Estimation of HH-model parameters from membrane potential and steady-state current profiles.

Given the membrane potential responses (V) and steady-state current profiles (IV) of a neuron, the task is to predict biophysical parameters of the Hodgkin–Huxley-type neuron model (left). We use the Encoder-Generator approach to predict the parameters (right).
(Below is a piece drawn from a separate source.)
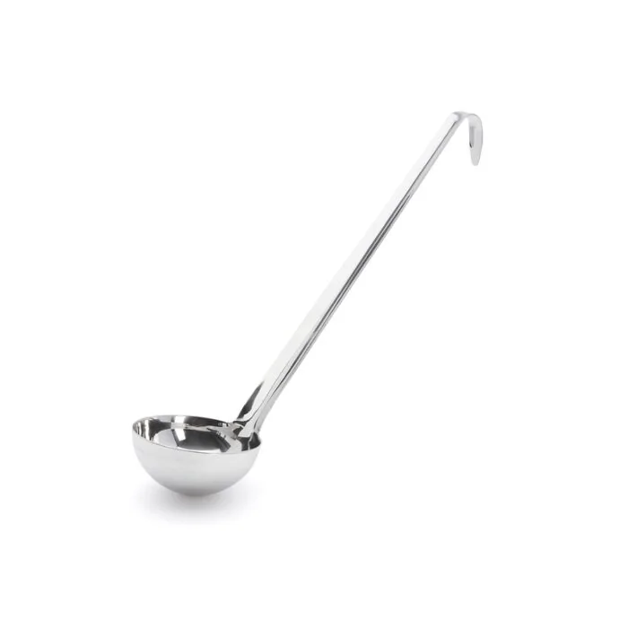 Profigerät aus robustem Edelstahl. Ergonomisch geformter Griff. Hindert das Utensil am Rotieren, auch bei fettigen oder feuchten Händen. Gute, mühelose Handhabung. Ideale Neigung des Griffs. Für alle Behälter einschließlich tiefer Kochtöpfe. Am Ende des Geräts befindet sich ein stabiler Haken. Geeignet zum Aufhängen an runden oder quadratischen, dünnen oder dicken Vorrichtungen. Gleichmäßige Rundungder gesamte Kuppel. Unverzichtbar für effizientes Ausgießen. Gepflegte Oberfläche und Entgratet. Pflege: spülmaschinenfest.

We validate our method to estimate HH-model parameters of 200 simulated non-spiking neurons followed by applying it to three previously recorded non-spiking neurons of C. elegans, namely RIM, AFD, and AIY. Studies have shown that membrane potential responses of these neurons can be well modeled with typical HH-model formulations with 22 parameters (Naudin et al., 2022b; Naudin et al., 2021). We show that when trained with a more detailed HH-model consisting of 16 ionic current terms resulting in 175 trainable parameters, EP-GAN can predict parameters reproducing their membrane potential responses with higher accuracy in the reconstruction of membrane potential with significantly faster inference speed than existing algorithms such as differential evolution and genetic algorithms. Through ablation studies on input data, we show that EP-GAN retains its prediction capability when provided with incomplete membrane potential responses and steady-state current profiles. We also perform ablation studies on EP-GAN architecture components to elucidate each component’s contributions toward the accuracy of the predicted parameters. To further test EP-GAN, we estimate HH-model parameters for six newly recorded non-spiking C. elegans neurons: AWB, AWC, URX, RIS, DVC, and HSN, whose membrane potential responses were not previously modeled.

Our results suggest that EP-GAN can learn a translation from electrophysiologically recorded responses and propose projections of them to parameter space. EP-GAN method is currently limited to non-spiking neurons in C. elegans as it was designed and trained with the HH-model describing the ion channels of these neurons. EP-GAN applications can potentially be extended toward resolving neuron parameters in other organisms since non-spiking neurons are found within animals across different species (Koch et al., 2006; Roberts and Bush, 1981; Davis and Stretton, 1989a; Davis and Stretton, 1989b; Burrows et al., 1988; Laurent and Burrows, 1989a; Laurent and Burrows, 1989b; Naudin, 2022a).